● Source material:
BEGIN
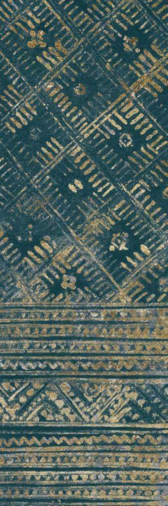 Indochina Batik II Teal and Gold White Modern Wood Framed Art Print with Double Matting by Wild Apple Portfolio
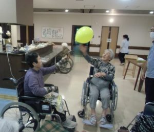 お祝いの前に風船バレーを行います。
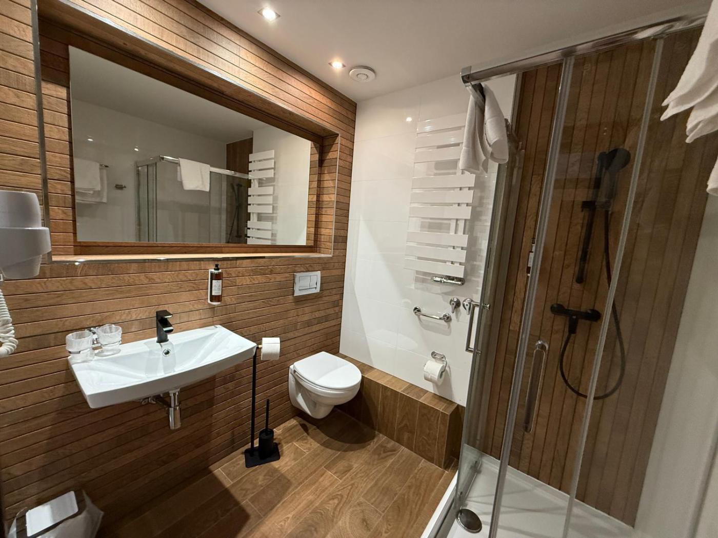 Pokój Dwuosobowy typu Superior. Offering free toiletries and bathrobes, this double room includes a private bathroom with a shower and a hairdryer. This double room features a tea and coffee maker, a wardrobe, a flat-screen TV and a balcony. The unit offers 1 bed. Powierzchnia pokoju ok.: 20 mkw. ;
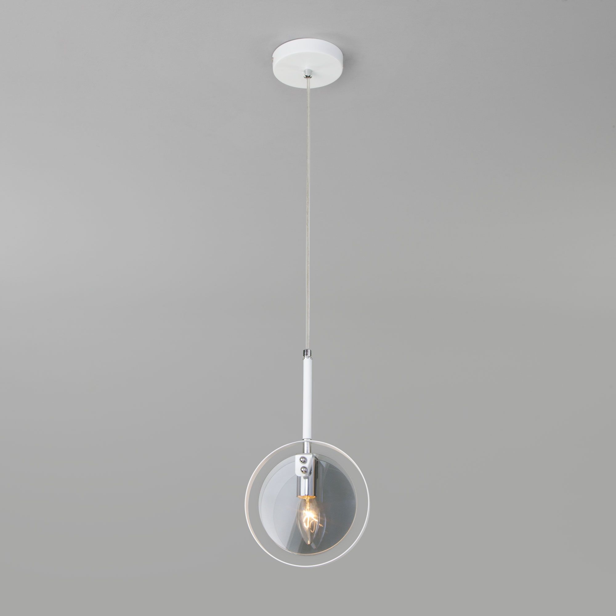 Подвесной светильник 50121/1 белый предназначен для создания дополнительного освещения и акцентной подсветки в современных интерьерах. Светильник со сменной лампой E14 создаст качественное освещение на площади 4 кв.м. и подсветит рабочие зоны на кухне, в гостиной, в офисе и других местах. Светильник со стеклянным плафоном, оснащен системой регулировки высоты подвеса, позволяющей размещать изделие на разных уровнях, уменьшая или увеличивая угол рассеивания светового потока. Данный светильник легко устанавливается на потолке при помощи монтажной планки.
END
Look at the listing and set down only the lines from its start through the line with "Pokój Dwuosobowy typu", word for word and without pictures.

 Indochina Batik II Teal and Gold White Modern Wood Framed Art Print with Double Matting by Wild Apple Portfolio
 お祝いの前に風船バレーを行います。
 Pokój Dwuosobowy typu Superior. Offering free toiletries and bathrobes, this double room includes a private bathroom with a shower and a hairdryer. This double room features a tea and coffee maker, a wardrobe, a flat-screen TV and a balcony. The unit offers 1 bed. Powierzchnia pokoju ok.: 20 mkw. ;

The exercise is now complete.